Operators need to complete the prerequisites before the deploy of the Operator Nexus platform software. Some of these steps may take extended amounts of time, thus, a review of these prerequisites may prove beneficial.

In subsequent deployments of Operator Nexus instances, you can skip to creating the on-premises Network Fabric and the Cluster.

Azure prerequisites

When deploying Operator Nexus for the first time or in a new region, you'll first need to create a Network Fabric Controller and then a Cluster Manager as specified here. Additionally, the following tasks need to be accomplished:

  • Set up users, policies, permissions, and RBAC
  • Set up Resource Groups to place and group resources in a logical manner that will be created for Operator Nexus platform.
  • Establish ExpressRoute connectivity from your WAN to an Azure Region
  • To enable Microsoft Defender for Endpoint for on-premises bare metal machines (BMMs), you must have selected a Defender for Servers plan in your Operator Nexus subscription before deployment. Additional information available here.

On your premises prerequisites

When deploying Operator Nexus on-premises instance in your datacenter, various teams are likely involved performing various roles. The following tasks must be performed accurately in order to ensure a successful platform software installation.

Physical hardware setup

An operator that wishes to take advantage of the Operator Nexus service needs to purchase, install, configure, and operate hardware resources. This section of the document describes the necessary components and efforts to purchase and implement the appropriate hardware systems. This section discusses the bill of materials, the rack elevations diagram and the cabling diagram, and the steps required to assemble the hardware.

Using the Bill of Materials (BOM)

To ensure a seamless operator experience, Operator Nexus has developed a BOM for the hardware acquisition necessary for the service. This BOM is a comprehensive list of the necessary components and quantities needed to implement the environment for a successful implementation and maintenance of the on-premises instance. The BOM is structured to provide the operator with a series of stock keeping units (SKU) that can be ordered from hardware vendors. SKUs is discussed later in the document.
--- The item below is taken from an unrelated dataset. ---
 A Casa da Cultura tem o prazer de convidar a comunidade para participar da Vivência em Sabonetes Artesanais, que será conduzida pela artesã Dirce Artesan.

Using the elevation diagram

The rack elevation diagram is a graphical reference that demonstrates how the servers and other components fit into the assembled and configured racks. The rack elevation diagram is provided as part of the overall build instructions. It will help the operators staff to correctly configure and install all of the hardware components necessary for service operation.

Cabling diagram

Cabling diagrams are graphical representations of the cable connections that are required to provide network services to components installed within the racks. Following the cabling diagram ensures proper implementation of the various components in the build.

How to order based on SKU

SKU definition

A SKU is an inventory management and tracking method that allows grouping of multiple components into a single designator. A SKU allows an operator to order all needed components with through specify one SKU number. The SKU expedites the operator and vendor interaction while reducing ordering errors because of complex parts lists.

Placing a SKU-based order

Operator Nexus has created a series of SKUs with vendors such as Dell, Pure Storage and Arista that the operator can reference when they place an order. Thus, an operator simply needs to place an order based on the SKU information provided by Operator Nexus to the vendor to receive the correct parts list for the build.
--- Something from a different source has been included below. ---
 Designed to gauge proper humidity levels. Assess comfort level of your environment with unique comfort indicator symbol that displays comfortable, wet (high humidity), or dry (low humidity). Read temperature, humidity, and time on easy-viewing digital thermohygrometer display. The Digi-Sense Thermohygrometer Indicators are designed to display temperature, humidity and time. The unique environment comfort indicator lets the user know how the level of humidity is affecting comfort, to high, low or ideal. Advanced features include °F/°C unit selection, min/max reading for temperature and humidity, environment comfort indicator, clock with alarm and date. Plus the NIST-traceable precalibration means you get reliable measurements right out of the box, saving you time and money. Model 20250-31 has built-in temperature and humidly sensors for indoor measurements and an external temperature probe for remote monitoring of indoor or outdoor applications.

How to build the physical hardware footprint

The physical hardware build is executed through a series of steps, which will be detailed in this section. There are three prerequisite steps before the build execution. This section will also discuss assumptions concerning the skills of the operator's employees to execute the build.

Ordering and receipt of the specific hardware infrastructure SKU

The ordering of the appropriate SKU and delivery of hardware to the site must occur before the start of building. Adequate time should be allowed for this step. We recommend the operator communicate with the supplier of the hardware early in the process to ensure and understand delivery timeframes.

Site preparation

The installation site can support the hardware infrastructure from a space, power, and network perspective. The specific site requirements will be defined by the SKU purchased for the site. This step can be accomplished after the order is placed and before the receipt of the SKU.

Scheduling resources

The build process requires several different staff members to perform the build, such as engineers to provide power, network access and cabling, systems staff to assemble the racks, switches, and servers, to name a few. To ensure that the build is accomplished in a timely manner, we recommend scheduling these team members in advance based on the delivery schedule.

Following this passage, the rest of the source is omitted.